The first sighting of Sandra Bullock as forty-something Margaret Tate, book editor for a major publishing house in New York, is going to make the same impression on anyone who saw "The Devil Wears Prada" as Meryl Streep did. The charming and vulnerable Ms. Bullock has adopted a character that channels that fab lady in that surprise hit based on a boss only a polar bear could warm up to. The difference here, beside the setting, is how the office staff uses their network connections to warn each other of her arrival so that they can't be seen by her as slacking.

This stern lady's assistant is 30-ish male Andrew Paxton (Ryan Reynolds, "X-Men, Origins: Wolverine"), which is another difference, and the gender differential seems to be part of the office master's personal code of superiority over her minions. But Andrew is a bit of a surprise because he's found a way to maintain a degree of self-respect under the boss's withering demands and tests. In fact, you can't help but silently cheer the guy as he just won't let her put him down too far nor too frequently. As for his manuscript that she won't give a nod to, well, that's a bitter pill he hopes someday to spit out. Little does he realize the headway he's about to make with his professional career.

Accompanying her to an appointment at the Immigration Department, Andrew is at her side when she's informed by Mr.
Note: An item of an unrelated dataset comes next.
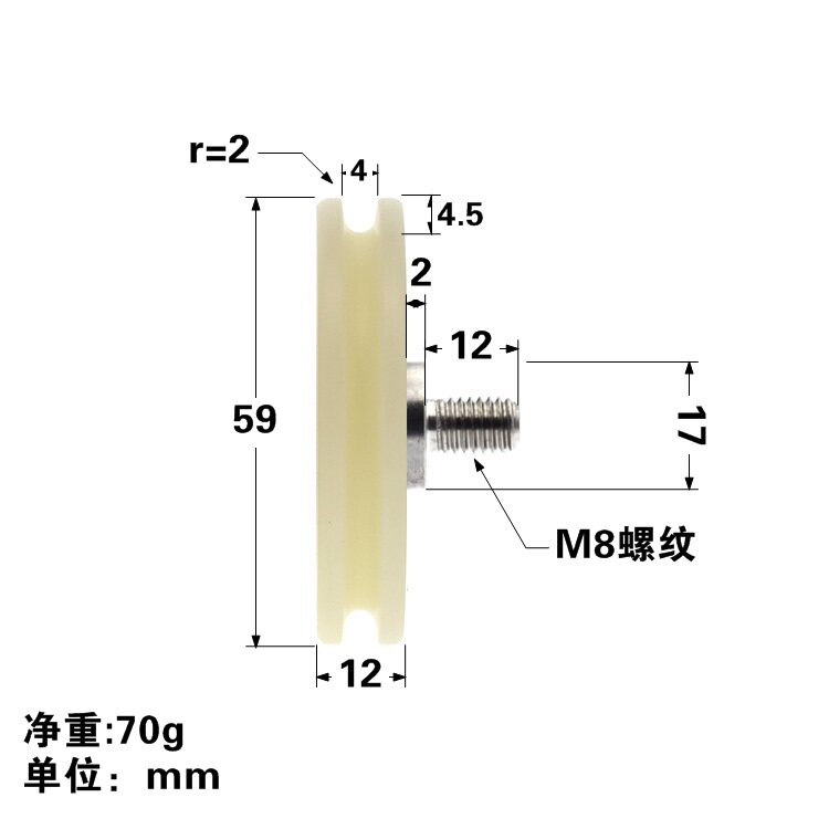 6200 подшипника Пластиковая пластиковая нейлоновое колесо PA6 -устойчивое колесо R2.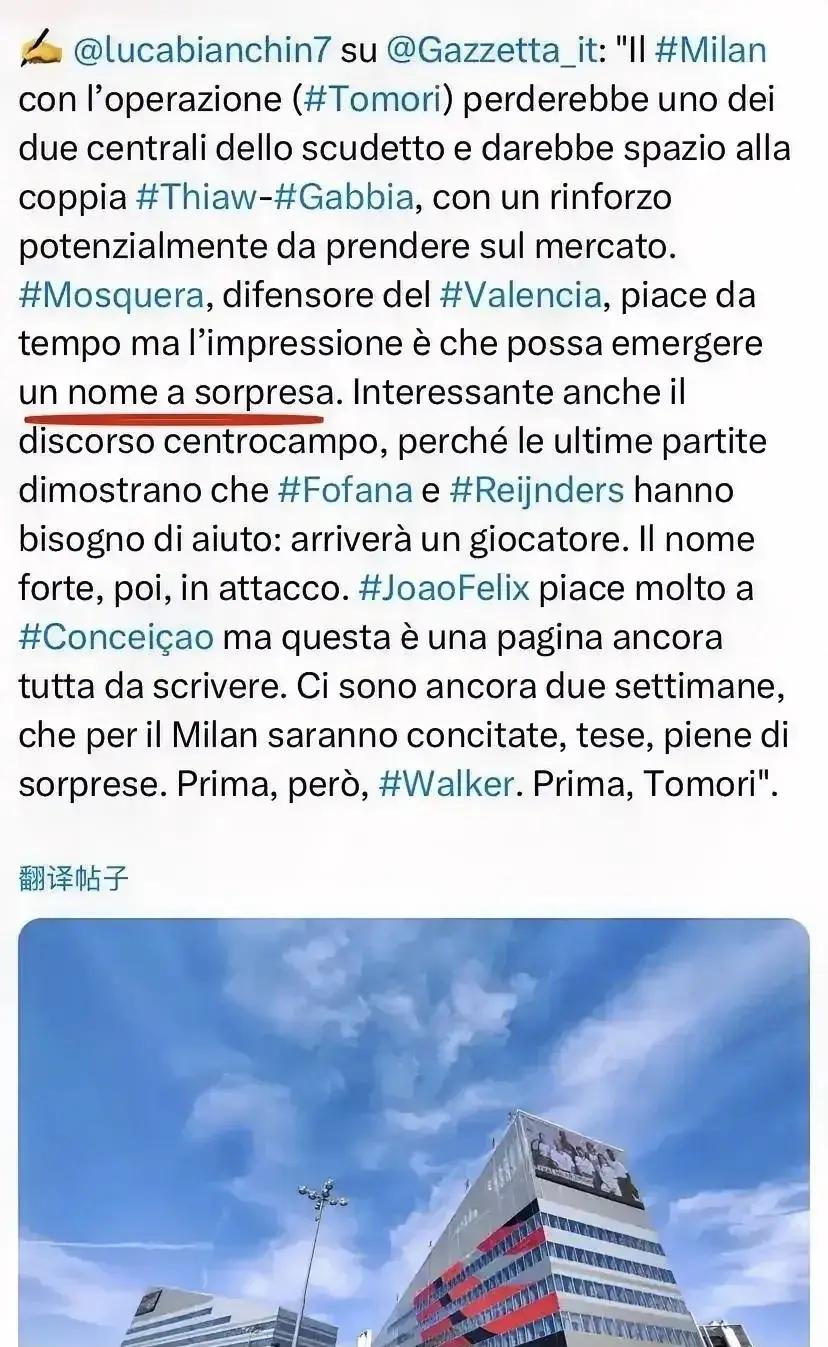 米兰会购买一名中后卫,当然前提是托莫里会离开,同时米兰在未来两周时间需要寻找适合米兰的中场和锋线球员。比安钦刻意强调了首先是托莫里。意思我好像理解了,如果没有托莫里离开,米兰冬季窗口只有沃克加盟球队。

Gilbertson (Denis O'Hare) that she--a Canadian National--neglected to keep her visa requirements up and that her late application has been denied. She can't, therefore, work for an American company and is about to be deported. Yes, the boss from hell has been slack in her personal duties, and there's no way around the official rules and policies. Or... is there? Quick thinker that she is, she announces her pending marriage. To a U.S. National. Who? everyone asks. Why, Andrew, her beloved, now betrothed assistant.
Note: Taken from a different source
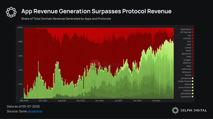 But a change has been occurring. For the past 14 months, app revenue has consistently surpassed protocol revenue and currently represents approximately 80% of total fees earned. The industry is gradually recognizing that crypto’s true winners will be successful applications that solve genuine problems and attract real users. Applications have sustainable revenue potential that outlasts the ephemeral valuation spikes of underutilized chains.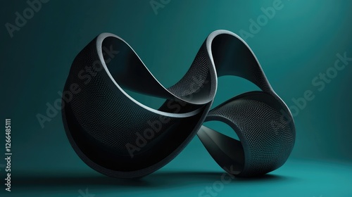 A striking 3D-rendered abstract sculpture with intricate curves and details, illuminated against a deep teal background.

But, she isn't fooling anyone. Mr. Gilbertson can read the situation clearly, thank you, and he demands that the pair return for a test of their knowledge of each other to prove the legitimacy of this quickly invented betrothal. Mr. Gilbertson makes it clear that they will be tested separately for their knowledge of each other, and the answers had better match up. So, if this is to fly, they've got a lot of catching up to do, across a major emotional divide.

Andrew's loyalty and ambition are on the line, and his first proposal is that, in order for him to go along with it, she's got to promise she'll advance him in the firm. Once she accepts that, he proposes that she makes a proper proposal of marriage on her knees out in the teeming streets of Manhattan. She then proposes that they take a crash course in each other's intimate details by going on a weekend trip up to his birthplace for the celebration of his grandma Annie's (Betty White) 90th birthday, which he had turned down when mom Grace Paxton (Mary Steenburgen) first called him about it.

This takes them to Sitka, Alaska, where Margaret makes a rather significant discovery about the man who's going to keep her in the USA--that he's from a very wealthy family. The Paxtons not only own every other vital store in the community but their hillside house is as big and fabulous as an embassy. Hmmm.

Mom and grandma are overjoyed by their arrival and set them up in their own bedroom, being wise to the ways of the modern world and creating a challenging awkwardness for the business arrangement between the couple. Dad, however, is coming from a different place--one not so accepting. Joe Paxton is clearly the head of the family and he hasn't ever taken it so well that his son has maintained his independence from his father's demands and the family business. Furthermore, he's not enchanted with his son marrying an older woman, sweet and lovely though she may be.

Not said, though intimated, is the more proper and expected bride for Andrew, his old high school and college girlfriend, Gertrude (Swedish Malin Akerman) who's been thinking the same thing.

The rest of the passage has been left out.